We are told that right is on our side that we are on the side of freedom and liberation, spreading democracy throughout the world. But in the 21st century, what is right? I am sure that the insurgents feel that right is on their side, for they are attacking a foreign military presence in their land, the same as we would do if the situation was reversed. Just like those who are in Hamas on the West Bank and in Gaza, feel that their struggle against Israel is just, as they see their family members die in missile and artillery attacks by the IDF. Just as the Israelis feel that they are right, in their attacks against Lebanon and the Palestinians, seeing their family members die from suicide attacks and now from rocket attacks. Just as the Hezbollah feel that their fight is just, to punish the Israelis for attacking them. The only problem is that not everyone can be right, all of the time and in every issue.
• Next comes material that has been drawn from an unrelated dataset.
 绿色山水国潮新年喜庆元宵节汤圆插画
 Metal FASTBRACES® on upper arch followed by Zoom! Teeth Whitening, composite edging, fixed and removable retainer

A talking head on a Sunday TV news show, in trying to justify the continuing attacks on Beirut and the rest of Lebanon, said that the eight people killed in Israel, was the same proportionally as if 500 people were killed in the US. The dissonance in that rationalization of Israel’s response in Lebanon struck me. The death of a human being, is the same no matter where it happens, it is a tragedy. That is the point that we should be making, not that some are worth more and others are worth less somehow, that is how we got in trouble as a human race in the 20th century.
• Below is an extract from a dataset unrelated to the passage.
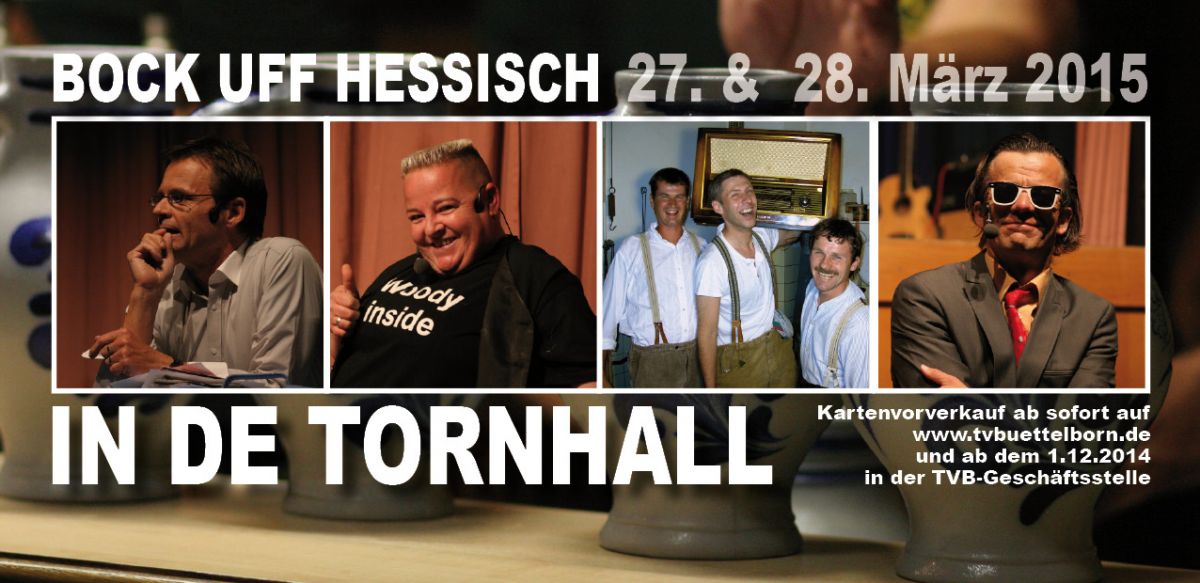 Am 27. und 28. März 2015 gibt es in der Tornhall wieder einen Bock uff Hessisch. Einen Bock wie man ihn kennen und lieben gelernt hat. Mit dabei sind Woody Feldmann, Christian und Udo Döring und die Rhöner Sauwäntzt. Es gibt Äbbelwoi vom Fass, Frankfurter Werschdscher, Handkäs und Kochkees, Brezele, Tafelspitz – hessischer geht’s net.

In the 21st century, maybe we as the human race should accept that war is in fact unwinnable, for the abstract reasons we fight them in this century. That it is time to use other means to reach that middle ground, before we waste the lives of our youth and treasure that could be put to better purposes. Just six years ago, we turned the page on the 20th century that was both a time of unparalleled achievement by human kind and a time of unparalleled slaughter by human kind.In the 21st century, winning wars is not fighting them, but dealing with the problems that cause them proactively and unselfishly. Call me a dreamer, but “Imagine.”